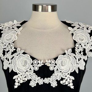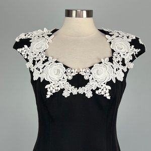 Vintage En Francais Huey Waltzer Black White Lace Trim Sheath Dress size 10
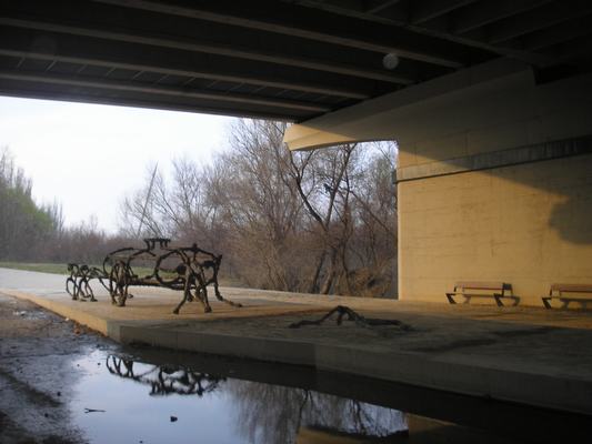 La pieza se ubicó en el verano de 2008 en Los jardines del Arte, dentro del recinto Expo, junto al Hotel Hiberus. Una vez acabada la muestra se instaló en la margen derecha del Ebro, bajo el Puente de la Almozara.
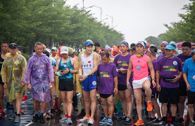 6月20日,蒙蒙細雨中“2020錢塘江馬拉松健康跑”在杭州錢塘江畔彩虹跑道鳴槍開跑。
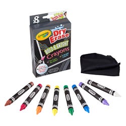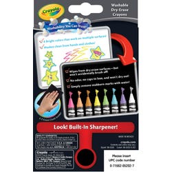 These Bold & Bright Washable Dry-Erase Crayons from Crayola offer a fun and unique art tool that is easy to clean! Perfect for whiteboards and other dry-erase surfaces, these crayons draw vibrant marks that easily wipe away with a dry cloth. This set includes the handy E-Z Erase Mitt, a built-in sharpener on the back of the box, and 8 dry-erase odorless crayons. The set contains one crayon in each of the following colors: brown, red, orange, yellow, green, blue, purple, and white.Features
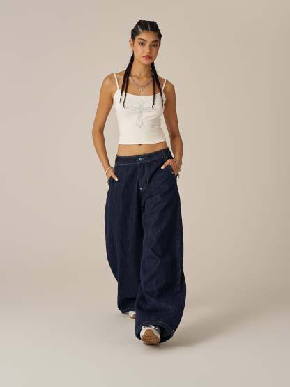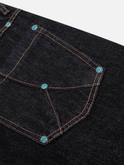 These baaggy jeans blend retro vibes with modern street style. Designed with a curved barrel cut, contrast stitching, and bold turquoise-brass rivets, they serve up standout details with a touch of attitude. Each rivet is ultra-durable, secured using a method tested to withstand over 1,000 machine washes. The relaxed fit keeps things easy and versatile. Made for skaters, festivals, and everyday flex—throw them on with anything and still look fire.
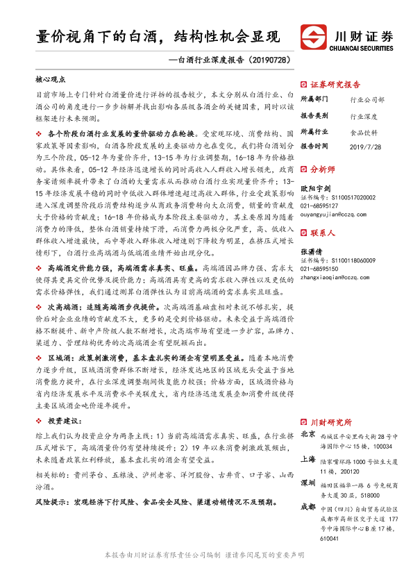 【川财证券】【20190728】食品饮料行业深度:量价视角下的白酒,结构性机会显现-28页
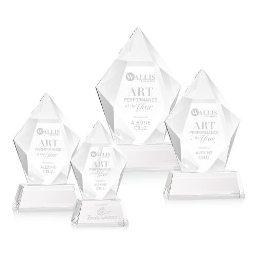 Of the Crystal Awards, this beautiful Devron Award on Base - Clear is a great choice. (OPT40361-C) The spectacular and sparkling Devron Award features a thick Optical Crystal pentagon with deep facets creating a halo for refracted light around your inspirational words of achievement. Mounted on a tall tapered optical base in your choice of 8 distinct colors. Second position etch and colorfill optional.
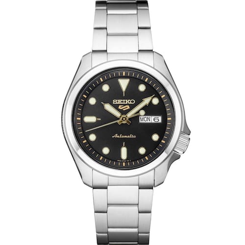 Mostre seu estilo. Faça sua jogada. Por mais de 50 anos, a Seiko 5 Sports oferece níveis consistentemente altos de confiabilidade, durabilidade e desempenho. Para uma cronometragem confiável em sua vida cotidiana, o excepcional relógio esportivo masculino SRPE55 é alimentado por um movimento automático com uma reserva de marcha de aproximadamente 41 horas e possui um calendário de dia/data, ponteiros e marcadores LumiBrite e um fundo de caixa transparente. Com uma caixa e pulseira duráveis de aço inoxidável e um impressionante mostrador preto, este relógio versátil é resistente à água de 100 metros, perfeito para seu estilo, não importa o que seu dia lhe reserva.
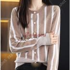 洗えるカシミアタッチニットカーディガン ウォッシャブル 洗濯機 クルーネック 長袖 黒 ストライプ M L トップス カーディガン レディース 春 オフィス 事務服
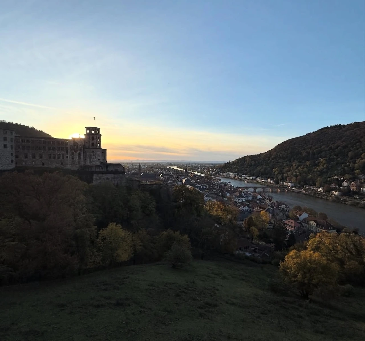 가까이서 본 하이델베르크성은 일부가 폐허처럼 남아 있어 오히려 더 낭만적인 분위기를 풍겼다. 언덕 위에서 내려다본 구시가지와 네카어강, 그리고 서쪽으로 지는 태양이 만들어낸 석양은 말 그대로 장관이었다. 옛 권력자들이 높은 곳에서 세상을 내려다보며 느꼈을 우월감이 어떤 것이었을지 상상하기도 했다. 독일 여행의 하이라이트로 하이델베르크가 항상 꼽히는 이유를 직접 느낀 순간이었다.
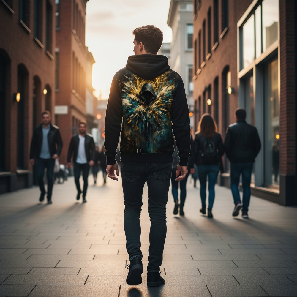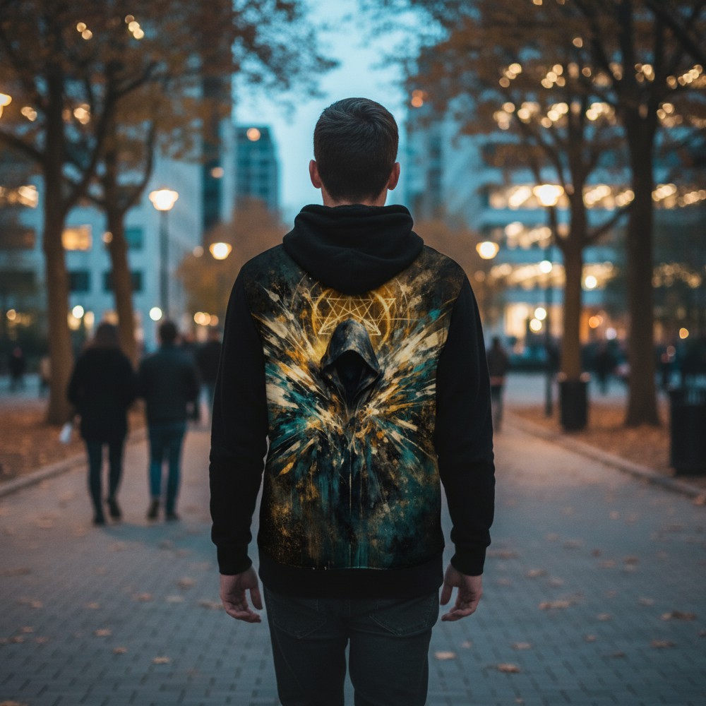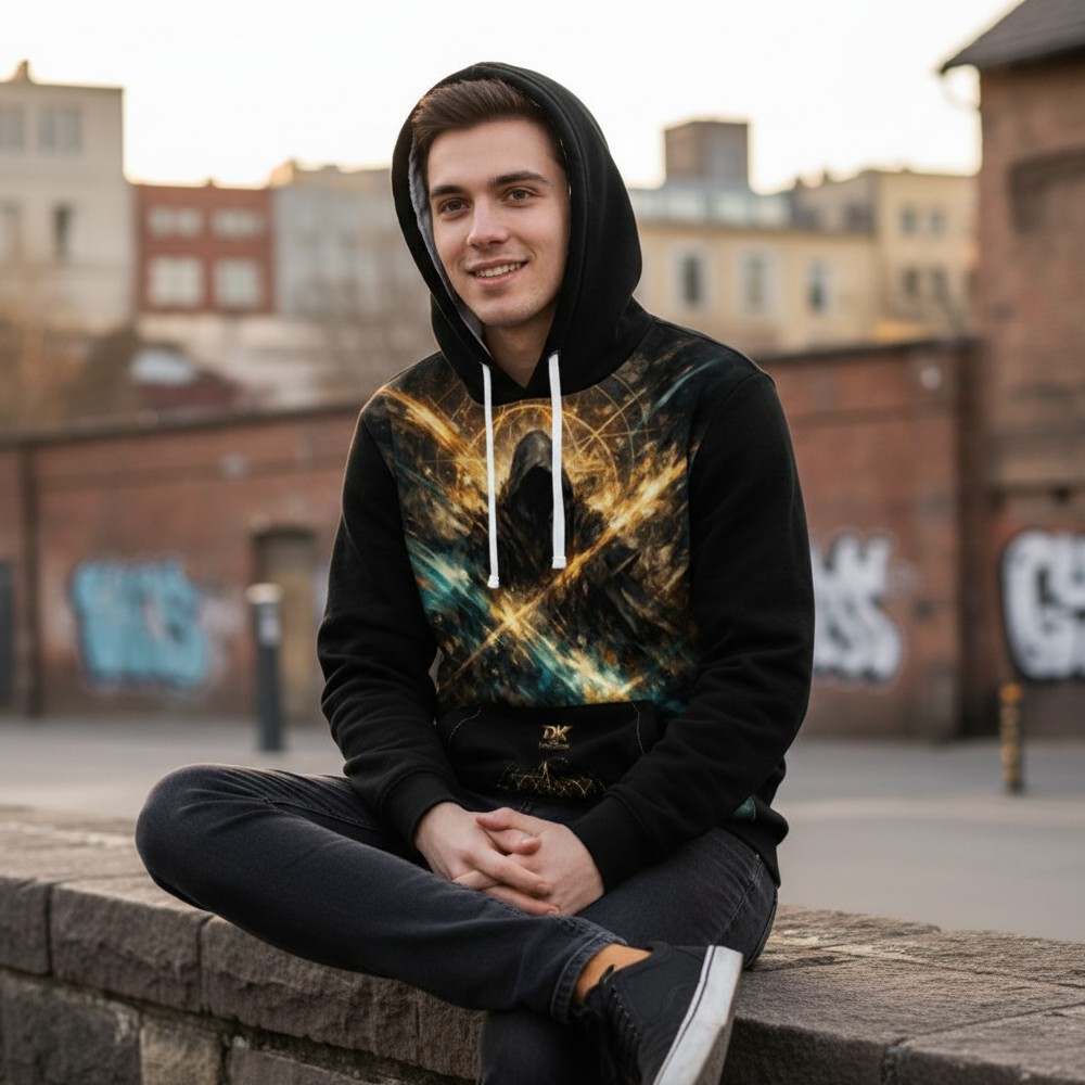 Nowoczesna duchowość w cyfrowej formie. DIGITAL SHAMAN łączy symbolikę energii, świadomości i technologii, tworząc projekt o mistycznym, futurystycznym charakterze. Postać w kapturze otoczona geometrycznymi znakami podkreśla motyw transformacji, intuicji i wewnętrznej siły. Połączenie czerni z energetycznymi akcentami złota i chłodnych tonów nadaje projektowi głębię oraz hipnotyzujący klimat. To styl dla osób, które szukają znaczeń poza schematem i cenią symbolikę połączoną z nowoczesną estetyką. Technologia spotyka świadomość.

--

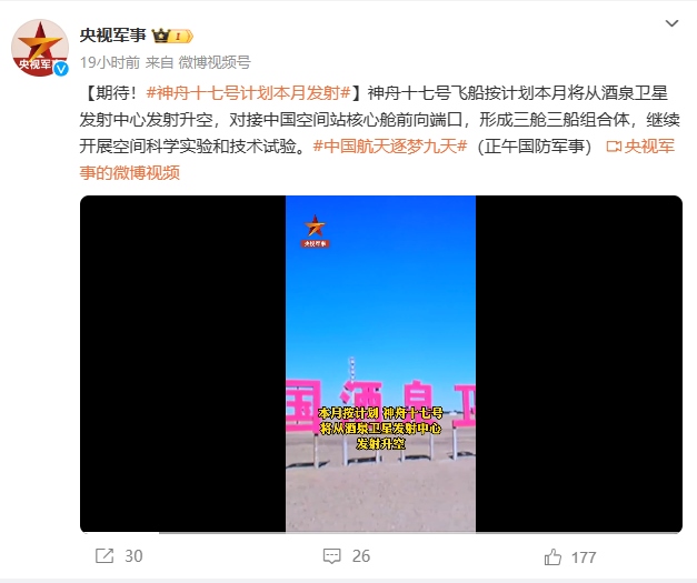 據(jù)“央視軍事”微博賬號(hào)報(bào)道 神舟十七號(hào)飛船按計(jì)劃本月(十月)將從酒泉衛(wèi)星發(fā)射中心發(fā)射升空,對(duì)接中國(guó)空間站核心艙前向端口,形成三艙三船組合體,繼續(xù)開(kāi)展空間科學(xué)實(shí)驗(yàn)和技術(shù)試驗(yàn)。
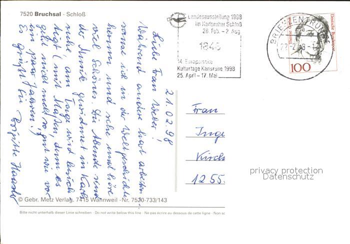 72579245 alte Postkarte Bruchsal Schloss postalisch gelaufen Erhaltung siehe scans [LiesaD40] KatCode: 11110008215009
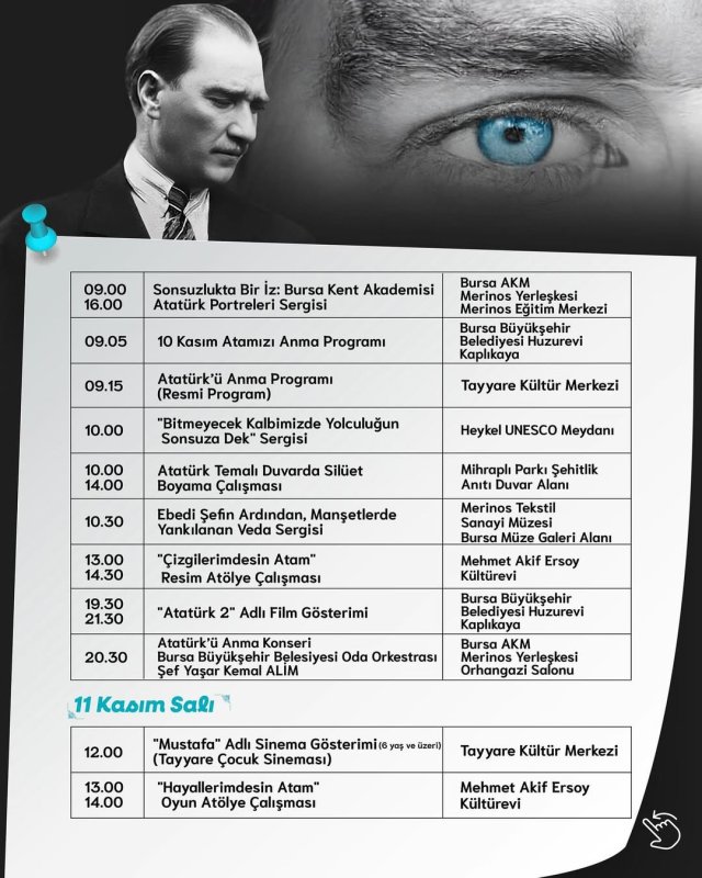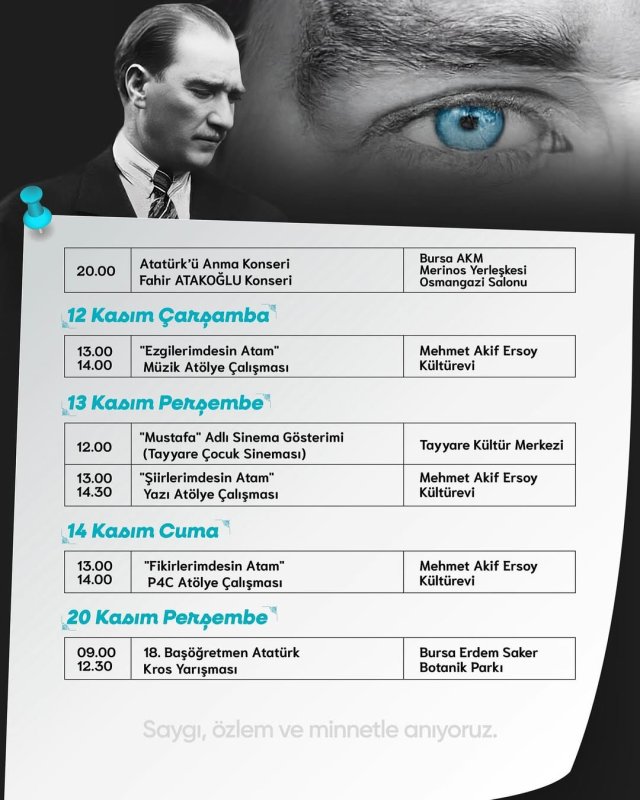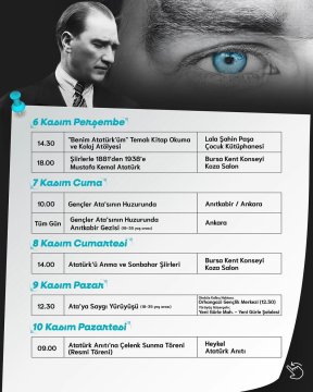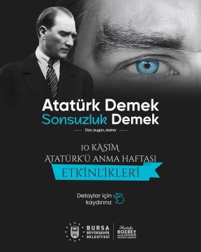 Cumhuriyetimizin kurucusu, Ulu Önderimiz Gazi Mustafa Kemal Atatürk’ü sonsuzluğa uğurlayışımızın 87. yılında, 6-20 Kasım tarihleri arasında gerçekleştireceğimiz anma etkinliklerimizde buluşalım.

--

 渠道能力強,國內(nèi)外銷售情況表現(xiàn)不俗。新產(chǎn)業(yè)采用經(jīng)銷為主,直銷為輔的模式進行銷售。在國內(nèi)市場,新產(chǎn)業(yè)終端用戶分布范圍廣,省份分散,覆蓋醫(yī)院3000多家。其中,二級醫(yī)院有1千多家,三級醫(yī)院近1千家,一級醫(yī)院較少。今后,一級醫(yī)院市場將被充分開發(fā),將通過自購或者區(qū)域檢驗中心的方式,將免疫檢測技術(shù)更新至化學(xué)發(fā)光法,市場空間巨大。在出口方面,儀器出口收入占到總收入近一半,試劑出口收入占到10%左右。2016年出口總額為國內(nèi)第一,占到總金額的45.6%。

• **EXERCISE**:
Above are the records. Copy only the lines from the one with "Vintage En Francais" through the one with "Of the Crystal", exactly, with no pictures.

• **OUTPUT OF THE EXERCISE**:
 Vintage En Francais Huey Waltzer Black White Lace Trim Sheath Dress size 10
 La pieza se ubicó en el verano de 2008 en Los jardines del Arte, dentro del recinto Expo, junto al Hotel Hiberus. Una vez acabada la muestra se instaló en la margen derecha del Ebro, bajo el Puente de la Almozara.
 6月20日,蒙蒙細雨中“2020錢塘江馬拉松健康跑”在杭州錢塘江畔彩虹跑道鳴槍開跑。
 These Bold & Bright Washable Dry-Erase Crayons from Crayola offer a fun and unique art tool that is easy to clean! Perfect for whiteboards and other dry-erase surfaces, these crayons draw vibrant marks that easily wipe away with a dry cloth. This set includes the handy E-Z Erase Mitt, a built-in sharpener on the back of the box, and 8 dry-erase odorless crayons. The set contains one crayon in each of the following colors: brown, red, orange, yellow, green, blue, purple, and white.Features
 These baaggy jeans blend retro vibes with modern street style. Designed with a curved barrel cut, contrast stitching, and bold turquoise-brass rivets, they serve up standout details with a touch of attitude. Each rivet is ultra-durable, secured using a method tested to withstand over 1,000 machine washes. The relaxed fit keeps things easy and versatile. Made for skaters, festivals, and everyday flex—throw them on with anything and still look fire.
 【川财证券】【20190728】食品饮料行业深度:量价视角下的白酒,结构性机会显现-28页
 Of the Crystal Awards, this beautiful Devron Award on Base - Clear is a great choice. (OPT40361-C) The spectacular and sparkling Devron Award features a thick Optical Crystal pentagon with deep facets creating a halo for refracted light around your inspirational words of achievement. Mounted on a tall tapered optical base in your choice of 8 distinct colors. Second position etch and colorfill optional.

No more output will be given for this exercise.